Mammadova, “Eşim öldürülünce, kardeşi Suat Dokumacı’ya eşimin öldüğünü, dönmek için yol aradığımı söylemiş oldum. Eşimin kardeşine Türk askeri birliğine teslim olmamı söylemişler. Ben de Türk askeri bölgesine gidip teslim oldum” dedi.

Savcı samimi bulmadı

Duruşma savcısı verdiği mütalaasında sanığın yasal olmayan yollarla Türkiye’ye giriş yaptığını, faal pişmanlıktan faydalanabilmek için örgütün faaliyeti ve yapısı çerçevesinde işlenen hatalarla ilgili samimi ve eksiksiz olarak bilgi verilmesi gerektiğini belirterek, “Ancak sanığın eşi olan Mustafa Dokumacı’nın örgüt içerisindeki pozisyonu da nazara alındığında, sanığın bildiklerini samimi ve eksiksiz biçimde beyan etmediğinin ve denetimli faal pişmanlık beyanında bulunduğunun tarafımızca kıymetlendirilmesi karşısında, sanık hakkında faal pişmanlık kararları tatbik edilmeksizin üzerine atılı DEAŞ silahlı terör örgütüne üye olma kabahati açısından cezalandırılmasına karar verilmeli” dedi.

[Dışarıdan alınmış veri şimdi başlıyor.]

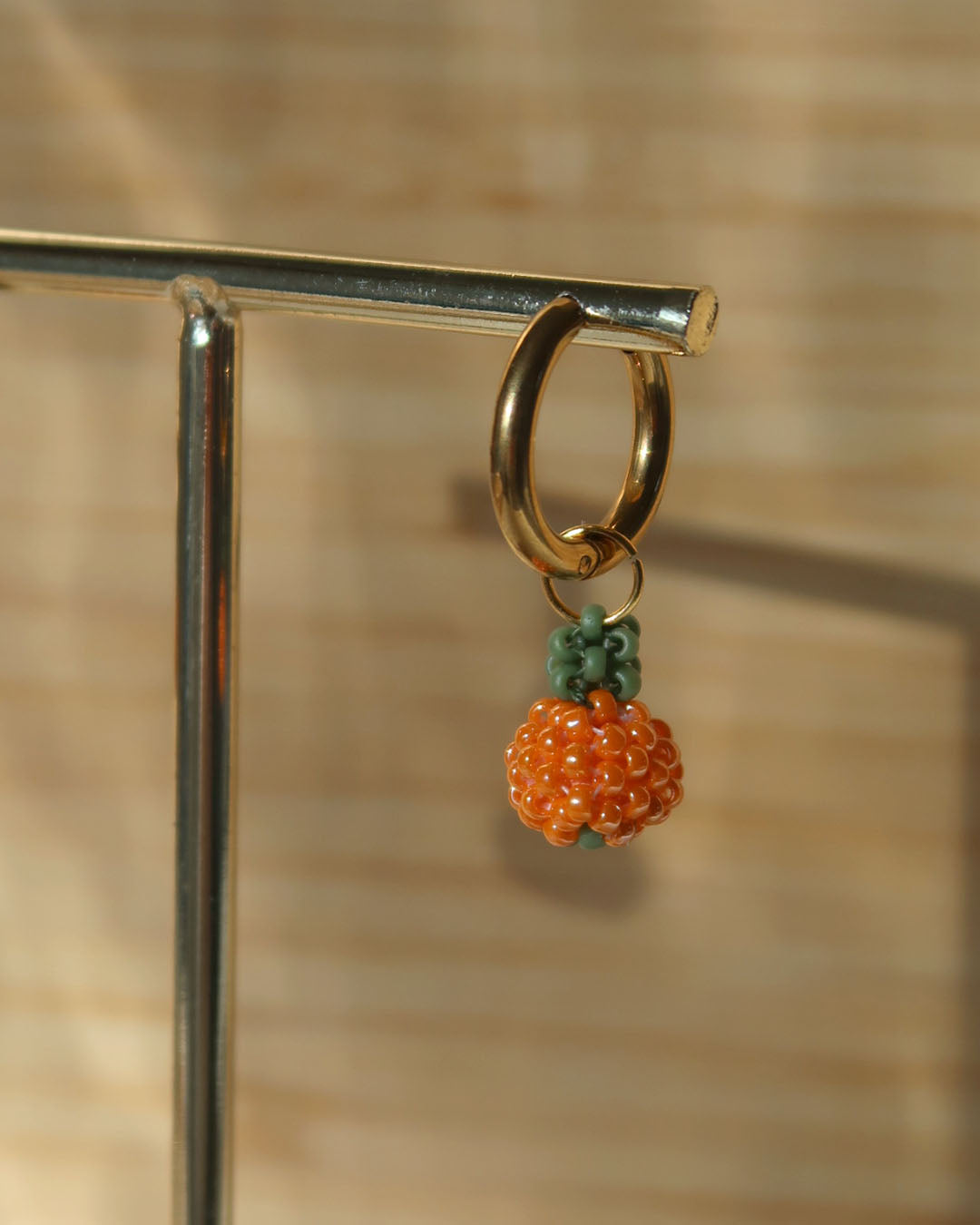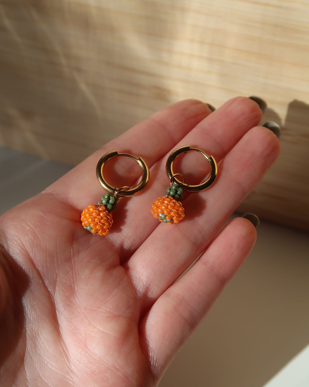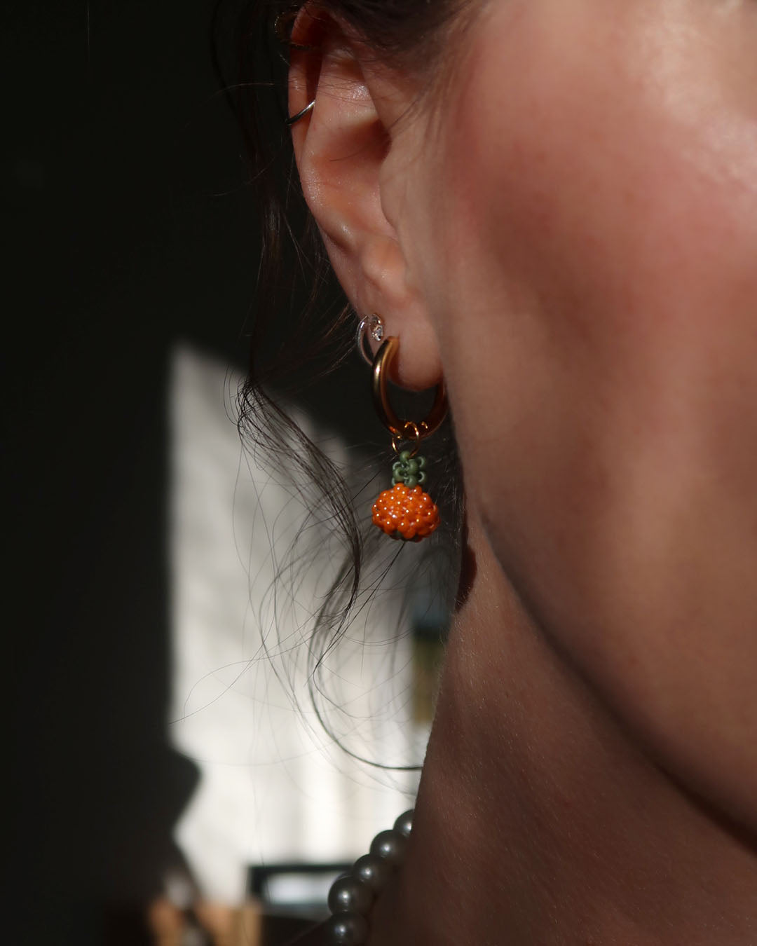 Ett par hoops med pumpor som är handgjorda av små glaspärlor, s.k. seed beads. Även om pärlorna är gjorda av glas är det väldigt lätta.
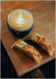 A close-up of a cappuccino with latte art and pastry on a wooden board, perfect for breakfast visuals.

Ceza verilmedi tahliye edildi

Savunmaların akabinde mahkeme heyeti, oy birliğiyle “Sanığın DEAŞ silahlı terör örgütüne üye olduğu kanaatine varıldığı, lakin istekli olarak teslim olup, örgütün yapısı ve faaliyeti çerçevesinde işlenen cürümlerle ilgili bilgi verdiği sebebi öne sürülerek” hakkında ceza verilmesine yer olmadığına hükmetti. Sanığın tahliyesine karar veren mahkeme, yurt dışına çıkmama halindeki isimli denetim sonucunı da kaldırdı.